Britney Spears and Kevin Federline attended their first Parenting Without Conflict course today. It’s the first time the two have been in the same building since meeting with attorneys back in September. TMZ reports:
The class will last a couple of hours. They will meet with a parenting coach, who will give them advice on how a divorced couple should raise their children.
The kids are not present.
Sources say Britney is actually looking forward to discussing parenting with her ex — however, after arriving at the location, Brit was distraught and bawling like a baby in the bathroom.
What could Britney be so upset about? Unless she still has feelings for Kevin.
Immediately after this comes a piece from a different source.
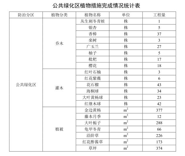 2018年4月至6月,建设单位委托景观绿化公司对公共绿化区进行绿化,绿化以栽植草皮为主,乔灌为辅,乔木主要沿着道路两侧栽植,株距为5.0m;灌木成绿篱状栽植在草皮四周;草皮中央零星点缀小乔木和灌木。乔木主要选择丛生刺冬青桩、银杏、香樟、栾树、广玉兰、柚子、枇杷、樱花;灌木主要选择红叶石楠、红花紫薇、花石榴、海桐球、大叶黄杨球、红继木球等;地被植物选择金边黄杨、藤本月季、大叶栀子、龟甲冬青、沿阶草、红花酢酱草及草坪。 公共绿化区共计栽植乔木113株,栽植灌木151株,铺草皮0.17hm²。 ![]() |
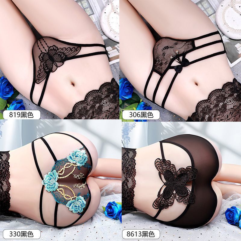 颜蓓薇性感蕾丝大码内裤女个性纯欲风刺绣镂空三角裤全黑

Could you imagine if these two got back together? No, wait, that’s not even funny. Somebody’s gotta stop this. Snarf, bring me the Sword of Omens! Thunder. Thunder! THUNDERCATS! HOOOOOOOOO! *looks around* Dude, go upstairs and tell Grandma I need 4 C batteries for this thing. Dude, it’s important. I have to stop Britney and Kevin. Jesus, we’ll play Halo later. Fine. Stop crying. We’ll do what you want to do. Again. I hope they name their third kid after you.
Update: Yeah, you got me, my comments above suck. It’s impossible to even suggest that I live in my mom’s basement. Everybody knows I reside in a private castle where I eat raw steaks, bathe in gold and hunt wild boars – with a grenade launcher.